Все выше они поднимались и выше; ледник тоже уходил ввысь, подобно неистовому потоку, внезапно застывшему ледяными глыбами меж крутых скал. Руди вспомнил, что когда-то, говорят, он лежал с матерью в глубине одной из этих обдающих морозным дыханием пропастей; но вскоре он отвлекся, и собственная история уже не выделялась среди других, которые довелось ему слышать. Когда мужчинам казалось, что подъем очень уж крут для мальчика, они протягивали ему руку, но он был вынослив и на скользком льду стоял не менее твердо, нежели косуля. Они шли вдоль подножия скалы, ступали по голым камням, проходили мимо низкорослых сосен и опять выбирались на зеленые поляны; все менялось кругом, все обновлялось, а над ними высились заснеженные горы, имена которых знает здесь каждый ребенок: Юнгфрау, Менх и Эйгер. Никогда еще Руди не забирался так высоко, никогда еще не видал он бескрайнего снежного моря, и вот оно простирало перед ним свои недвижные снеговые волны, с которых ветер сдувал порой белые клочья, словно пену с морских волн. Ледники тут стояли, если так можно сказать, рука об руку, и в каждом таился стеклянный дворец Ледяной девы, властью и волей которой вершились тут и расправа и погребение. Солнце сияло, снег слепил глаза, словно был осыпан сверкающими бело-голубыми алмазами. Несметные тьмы насекомых, по преимуществу мотыльки и пчелы, лежали мертвыми на снегу: то ли они слишком высоко залетели, толи ветер подымал их все выше, покуда они от холода не испустили дух.
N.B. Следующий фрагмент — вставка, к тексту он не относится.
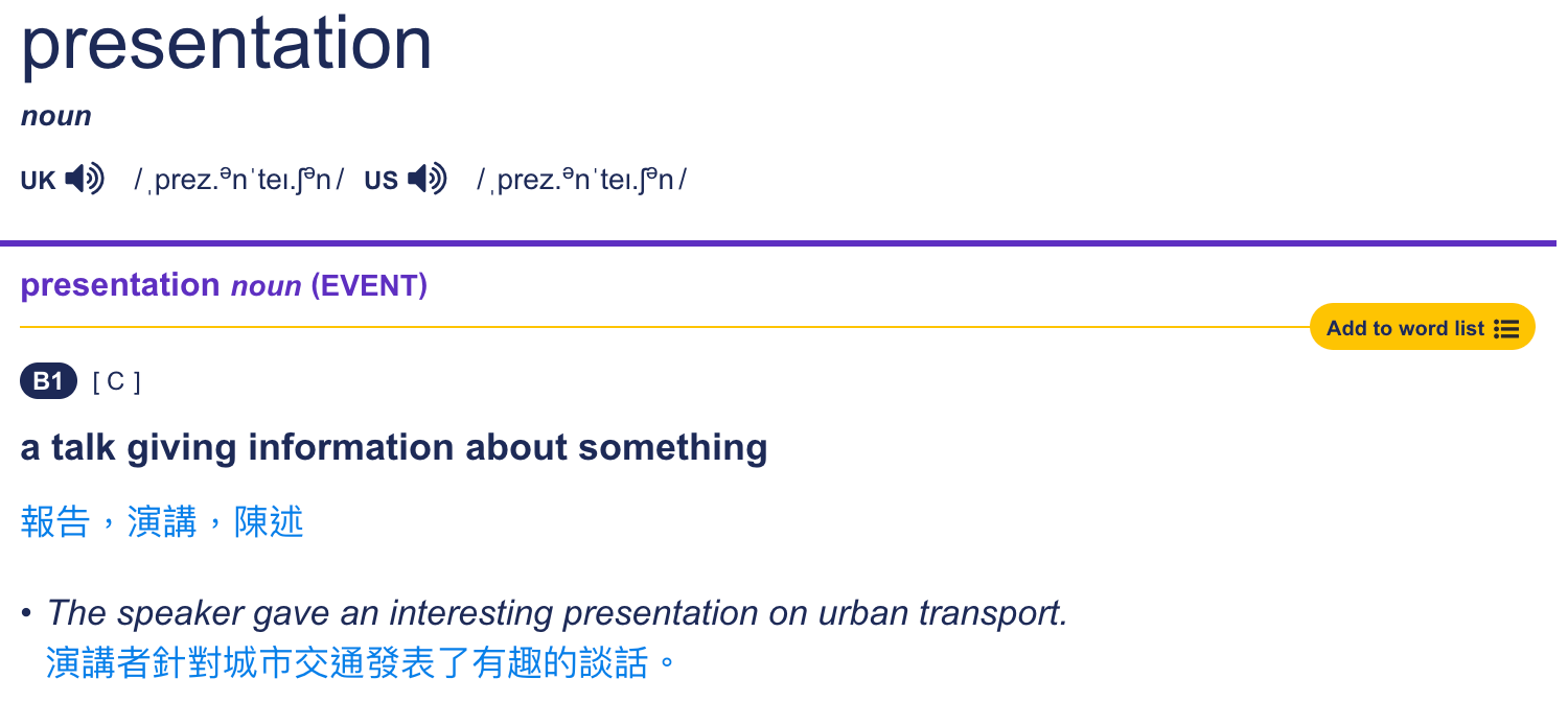 再举一个例子,presentation 和 report 这两个词,刚学的朋友会发现这两个词的中文都有报告的意思。但是到底有什么区别呢?我们先来看一下剑桥词典的解释
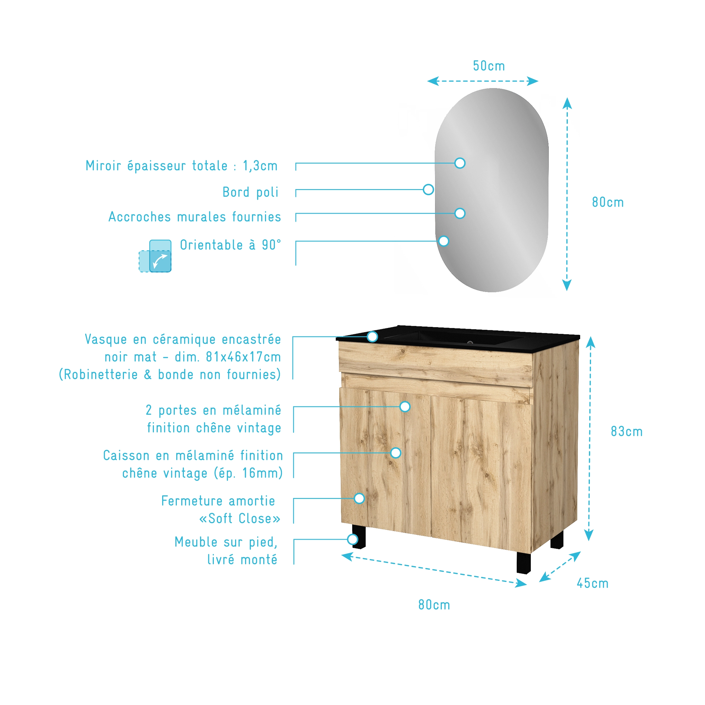 1 avis YUKI Meuble Salle de Bains YUKI 80 2 Tiroirs Décor Chêne et Noir - Vasque Blanche - Miroir Ovale 50x80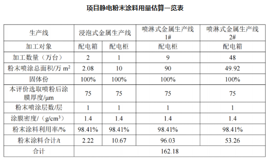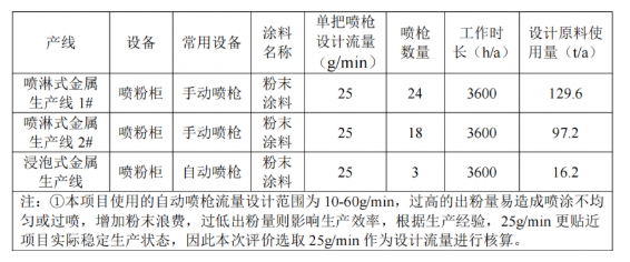 噴槍的粉末輸出量取決于所需的涂層厚度,本項目兩條線所使用的自動噴槍型號相同,數量不同,自動噴槍技術參數見附件10.為保證涂膜厚度一致,根據項目實際生產經驗和自動噴槍技術參數綜合可知,噴淋式金屬生產線1#中每支噴槍設計噴粉量約為 25g/min;噴淋式金屬生產線 2#中每支噴槍設計噴粉量約為25g/min;浸泡式金屬生產線中每支噴槍設計噴粉量約為25g/min。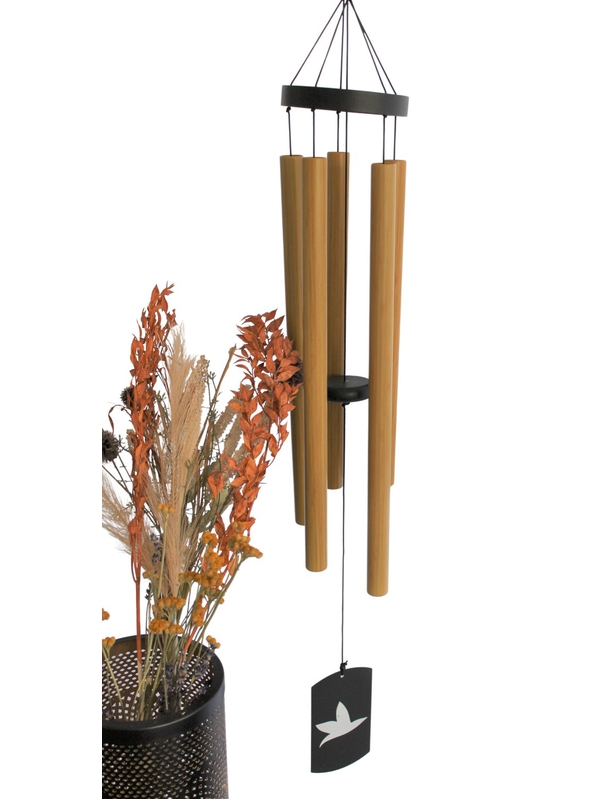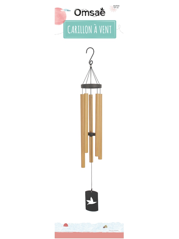Carillon à vent composé de 5 tubes en aluminium. Il représente la Terre, attire le bon Chi et la prospérité. Chaque tube a été soigneusement accordé pour libérer les notes Mi, Fa, Sol, Si, Do et offrir une douce mélodie. Élégamment décoré d'un motif imitant le bois de bambou et de l'oiseau Omsaé, guide dans la quête d'épanouissement de soi, ce carillon saura séduire par son design épuré et trouvera sa place dans tout intérieur. En Feng Shui, le carillon est un objet traditionnel largement utilisé pour l'harmonie qu'il apporte.
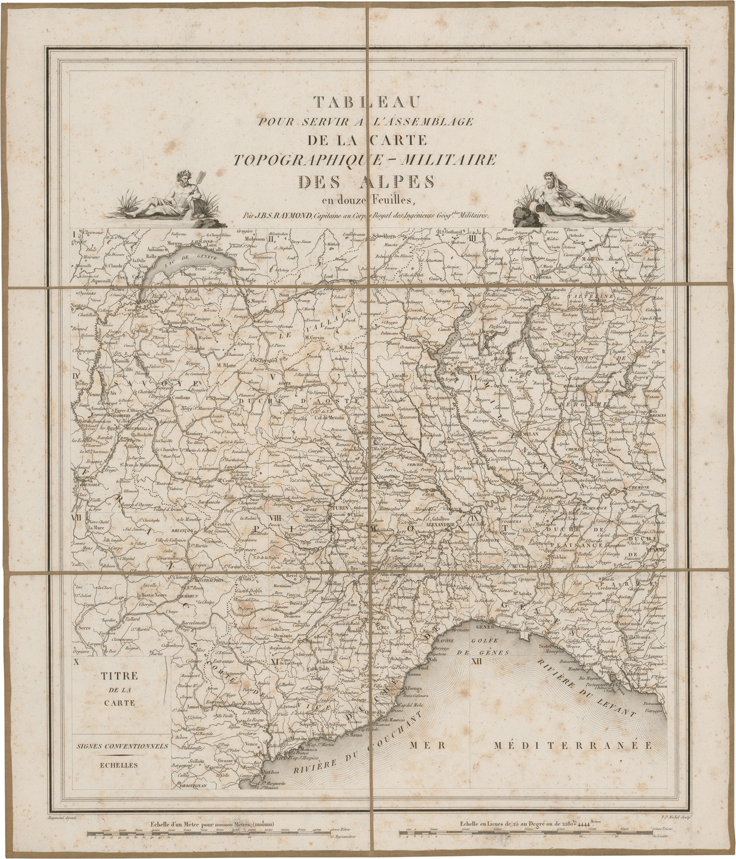 Italien. - Raymond, J. B. S. Carte topographique militaire des Alpes comprenant le Piémont, la Savoye, le Comté de Nice. (58,5:45 cm). 13 (1 teilkoloriert; 12 nummeriert) Kupferkarten in je 8 Segmente auf Leinen aufgezogen. Ca. 52 x 69 cm bzw. 52 x 44,5 cm. Pappschuber d. Z. Paris 1820.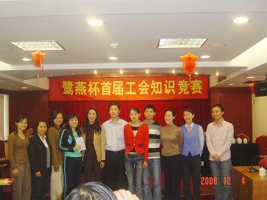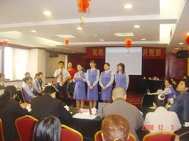 廈門鷺燕大藥房有限公司于2006年12月3日在廈門廬山大酒樓隆重舉行鷺燕杯首屆工會知識競賽,此次工會知識競賽由6個工會小組各自選派4名選手參加,比賽環(huán)節(jié)包括團隊介紹、啦啦隊互動、演講比賽、必答題、搶答題、猜詞秀、才藝表演等,形式多樣、內容豐富。比賽現場還邀請了一些供應商的代表作為嘉賓評委,為比賽進行現場點評及頒獎。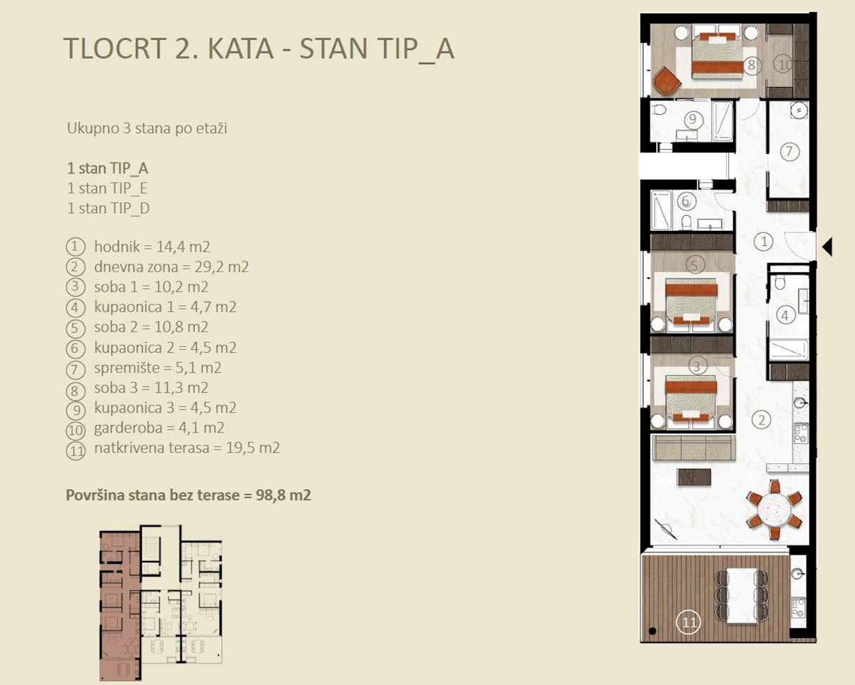Stan 6B u Novigradu ima ukupno 98,8 m2 bez terase, nalazi se na drugom katu, faza gradnje, udaljen je 5 min. (1000m) od mora i od prekrasne uređene plaže, 5 min. (1000m) udaljeni ste od centra grada Novigrada. Stan se sastoji od kuhinje/dnevnog boravka/bl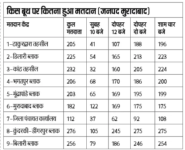 मुरादाबाद-बिजनौर सीट के लिए शनिवार को जिले के नौ बूथों पर मतदान हुआ। सभी बूथों के बाहर भाजपा व सपा के शिविर लगे हुए थे। जिसमें भाजपा व सपा नेता अपने समर्थकों के साथ बैठे नजर आये। लेकिन हर बूथ पर सबसे ज्यादा भीड़ भारतीय जनता पार्टी के लोगों की दिखाई दी। जबकि समाजवादी पार्टी के शिविर में सिर्फ दो चार पदाधिकारी भी बैठे दिखाई दिए। इसके अलावा भाजपा व सपा प्रत्याशी जिले के सभी बूथों पर शाम चार बजे तक घूमते रहे।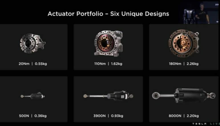 電機驅動上,“擎天柱”擁有 2.3KWH、52V 電壓的電池組,內置電子電器元件的一體 單位,支持人形機器人工作一整天;選用 28 個定制關節驅動器,復用汽車動力總成設計經 驗,設計 6 種關節驅動器,包括 3 種不同規格的舵機(采用諧波減速器)和 3 種不同規格 的直線執行器(采用永磁電機,可抬動 1.5 噸三角鋼琴的),找到成本與效率的佳組合。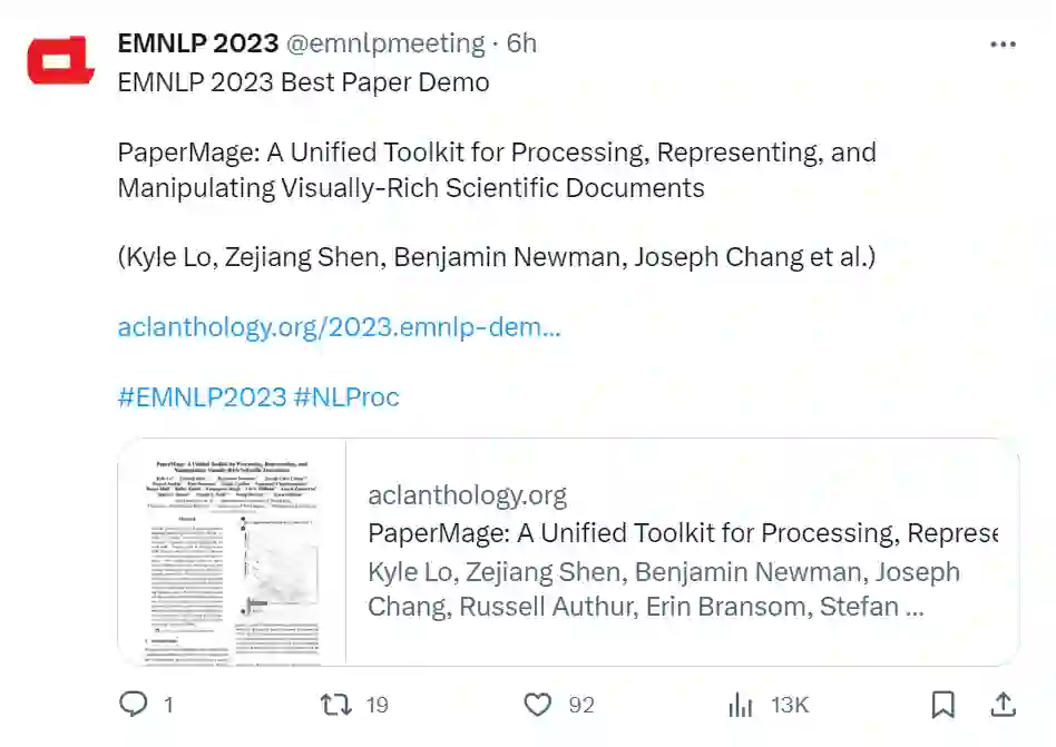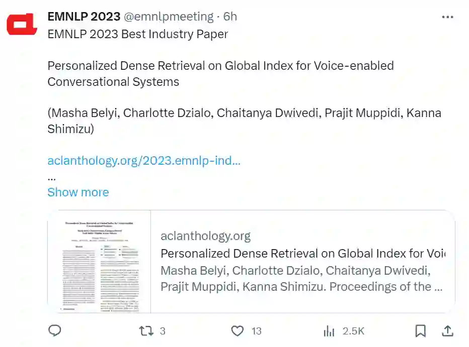 EMNLP 是自然语言处理领域的顶级会议,EMNLP 2023 将于 12 月 6 日 - 10 日在新加坡举行。大会官方公布了今年的论文获奖情况,包括最佳长论文(1 篇)、最佳短论文(1 篇)等。 https://2023.emnlp.org/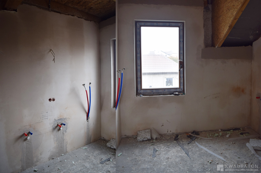 Łazienka na górze z przygotowanymi podejściami.
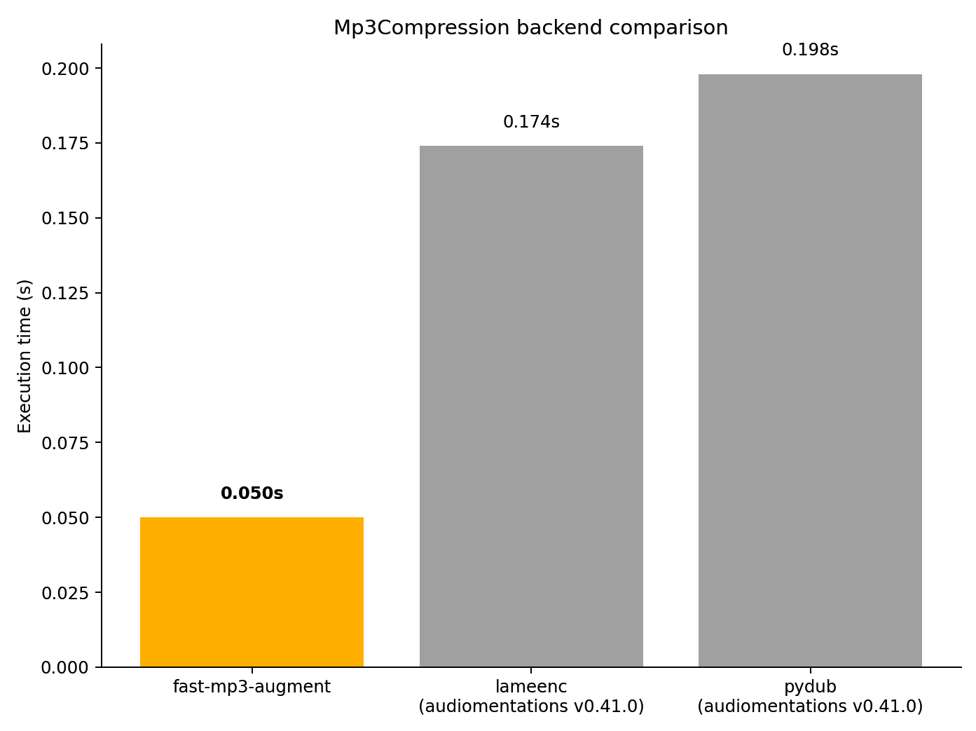 A quick performance benchmark (based on demo.py in audiomentations), which augmented 3 short (~7-9 sec) audio snippets (2 mono, 1 stereo) on a laptop with i7-13700HX and a 2 TB Samsung PM9A1 NVMe shows that fast-mp3-augment is superior when it comes to speed: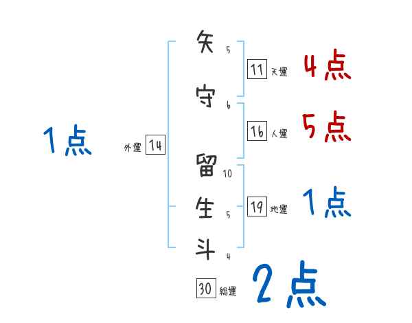 矢守留生斗さんの画数の鑑定結果
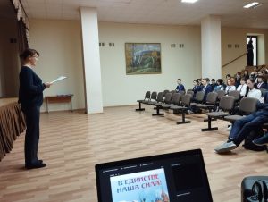 В рамках партийного проекта «Культура малой родины» ВПП «ЕДИНАЯ РОССИЯ» сотрудники библиотеки №4 микрорайона «Северный» провели познавательное мероприятие посвященное Дню народного единства для обучающихся МАОУ «ОЦ №3 «Созвездие» г.Вольска» (к.2). Интерактивный атлас «Открывая Россию: вместе мы сможем многое!» стал увлекательным способом погрузиться в многообразие культурного, исторического и социального наследия нашей страны. С помощью медиапрезентации «Бескрайняя Россия» школьники совершили виртуальное путешествие от Камчатки до Калининграда. Они прошли по маршруту Великого Шелкового пути, узнали тайны озера Байкал, «покорили» вершины Кавказа и познакомились с достопримечательностями российских исторических городов. Ведущие рассказали ребятам о танцах, песнях, традиционных забавах, а также о народных ремеслах и техниках прикладного искусства, которыми славятся различные регионы России. В завершение мероприятия юные участники активно отвечали на вопросы этновикторины «Многоликая страна», продемонстрировав свою эрудицию и знание культуры народов России. «Интерактивный атлас стал ярким и запоминающимся событием, напомнив участникам о богатстве и разнообразии культурного наследия России, а также о важности единства и дружбы между народами, населяющими нашу страну» — отметила Ольга Скачкова, сторонник партии «ЕДИНАЯ РОССИЯ», библиотекарь.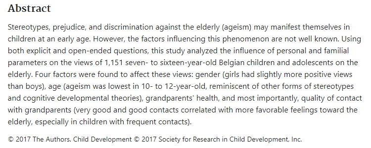 2017년 벨기에 리에 대학교 알리손 플라미온(Allison Flamion) 교수팀에서 '조부모와의 접촉이 어르신들에 대한 아동과 청소년의 관점에 미치는 영향(Impact of contact with gramparents on children's and adolescents' views on the ederly'라는 논문을 아동발달학회지에 발표했습니다.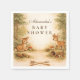A cozy woodland baby shower design inspired by a gentle forest adventure. Illustrated with rustic greenery, pinecones, and a charming “little hunter” clothesline detail, this storybook-style layout feels warm, nostalgic, and nature-loving. Perfect for parents who love the outdoors, woodland themes, or rustic nursery aesthetics.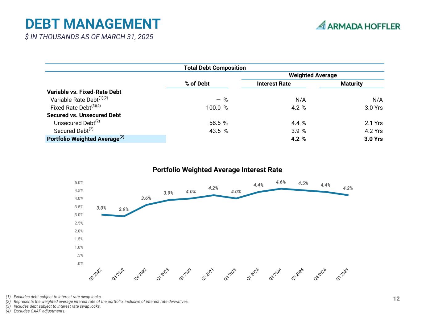 11个以千美元为单位的杠杆指标见附录的定义、计算和调节(1)包括与开发、房地产融资、建筑和我们稳定投资组合之外的其他辅助活动相关的收入和债务。(2)反映总债务减去GAAP调整、现金、限制性现金和其他应付票据。截至2025年3月31日止三个月稳定投资组合调整后EBITDA 43,245美元稳定投资组合债务929,807美元稳定投资组合债务/稳定投资组合调整后EBITDA 5.4 x调整后EBITDA总额45,105美元净债务(2)1,272,869美元净债务/调整后EBITDA总额(1)7.1 x净债务+优先1,443,954美元净债务+优先/调整后EBITDA总额8.0 x 0.0 x 1.0 x 2.0 x 3.0 x 4.0 x 5.0 x 7.0 x 8.0 x 9.0 x 10.0 x 5.4x 7.1x 8.0x稳定投资组合债务/稳定投资组合调整后EBITDA净债务/调整后EBITDA总额(1)净债务+优先/调整后EBITDA总额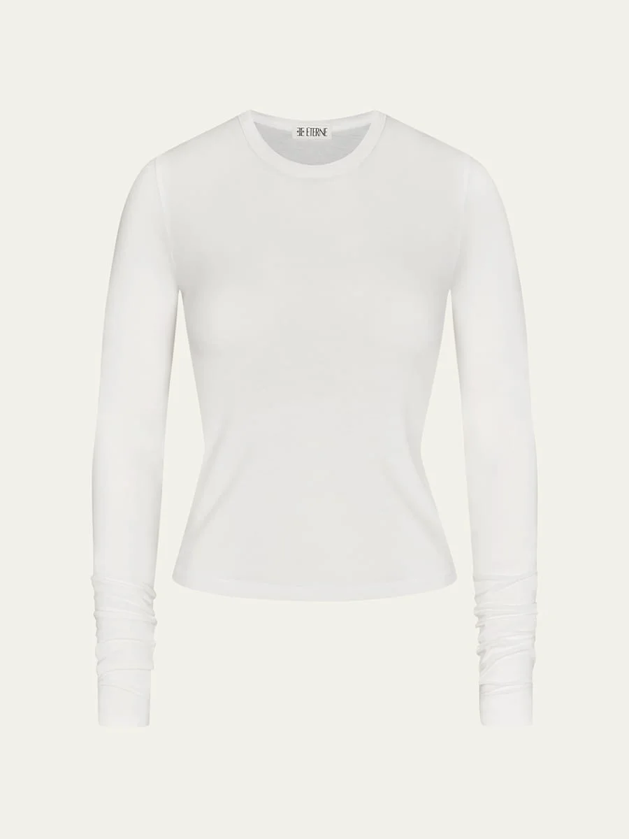 Eterne classic t-shirt Crew neckline Long sleeves Slightly cropped hem Fitted Pullover style Cotton/modal Made in USA Online Inquiries: BGS21_T68J0| Store Inquiries: #4928661

Над Веттерхорном, словно черный, искусно расчесанный клок шерсти, висело зловещее облако; оно опускалось и все ближе было то, что в нем таилось, готовое выплеснуться, — фён, неукротимый в своей ярости. Впечатления от этого путешествия — и дальний путь, и ночной привал в горах, и глубокие ущелья, где вода с незапамятных времен точит камень, — Руди никогда уже не мог забыть.
На другом берегу снежного моря стояла заброшенная каменная постройка, где можно было переночевать; там нашлись и сосновые ветки и древесный уголь; путники разожгли очаг и, как могли, расположились на ночь; мужчины сели у огня, они курили и пили теплый ароматный напиток, который сами приготовили; Руди тоже получил свою долю, и начался разговор о таинственных существах, живущих в Альпах, об огромных диковинных змеях, обитающих в глубинах озер, о скоплениях полночных призраков, во сне переносящих людей по воздуху в чудесный плавучий город Венецию, о диком пастухе, который гонит своих черных овец на луга, и пусть никто их не видал, все ведь слыхали звон колокольчиков и зловещий рев стада. Руди слушал с интересом, но без боязни, — он не ведал страха, и ему показалось, что он различает этот таинственный глухой рев. Да, рев становился все отчетливее, уже и мужчины его различали. Они прервали беседу, прислушались и велели Руди не засыпать.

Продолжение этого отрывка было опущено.